(An excerpt from “Advantage: Business Competition in the New Normal”)
Perhaps one of the most dramatic examples of mindset is what happened before Einstein came up with his theory of relativity. Newtonian physics says that if you are standing still and throw a ball with a certain force X, it will leave your hand at fifty kilometers per hour. Likewise, if you are standing on a train going sixty kilometers per hour, and you throw the ball with the same force X, it will leave your hand at one hundred ten kilometers per hour (fifty + sixty). In 1887, E.W. Morley and A.A. Michelson decided to measure the difference between the velocity of light as it is beamed with the speed of the rotation of the earth pushing it and as it is beamed perpendicular to the rotation of the earth. The idea was that the light beam that has the speed of the earth’s rotation behind it must be going faster than the light beam that does not have that incremental speed behind it. To their surprise, no difference was detected. The scientific community knew there was something was wrong with the way they did their experiment because you cannot violate the laws of physics. It perplexed scientists for years because they couldn’t find the error.
Is this so surprising? One possible explanation is that the earth is not rotating. “WHAT?” just went through your brain didn’t it? The certainty we have about the earth rotating is the same certainty those scientists had about Newtonian physics. They could not have contemplated the alternative.

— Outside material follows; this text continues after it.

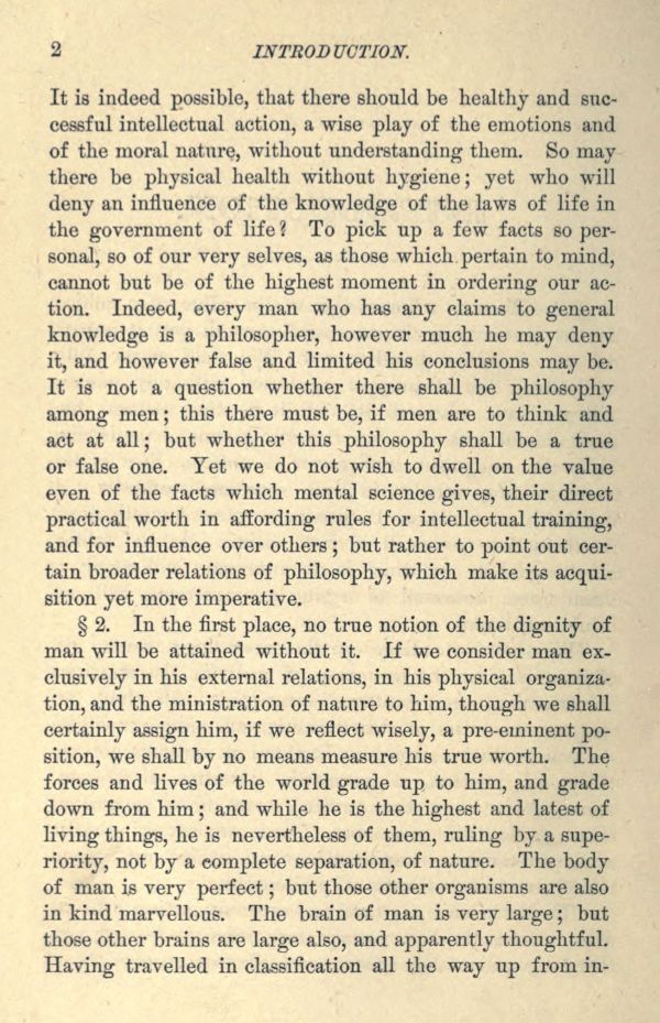 It is indeed possible, that there should be healthy and successful intellectual action, a wise play of the emotions and of the moral nature, without understanding them. So may there be physical health without hygiene; yet who will deny an influence of the knowledge of the laws of life in the government of life? To pick up a few facts so personal, so of our very selves, as those which pertain to mind, cannot but be of the highest moment in ordering our action. Indeed, every man who has any claims to general knowledge is a philosopher, however much he may deny it, and however false and limited his conclusions may be. It is not a question whether there shall be philosophy among men; this there must be, if men are to think and act at all; but whether this philosophy shall be a true or false one. Yet we do not wish to dwell on the value even of the facts which mental science gives, their direct practical worth in affording rules for intellectual training, and for influence over others; but rather to point out certain broader relations of philosophy, which make its acquisition yet more imperative.

Recognizing facts is essential to getting the problem right, but point of view can color the evidence and cause us to interpret the evidence in a way that’s consistent with our worldview. It is a phenomenon that has been noticed and written about repeatedly in business and psychology texts. It is often expressed as being too close to the problem and, thus, not able to see it clearly. Einstein said, “What does a fish know about the water it swims in?”
When Albert Einstein looked at the Michelson-Morely velocity of light results, he thought to himself, ’What if the results of the experiment are correct?’ What Einstein did was step back from the problem. If the evidence proved correct, that would mean Newtonian physics was wrong. This heresy opened the universe to a new point of view and changed physics forever.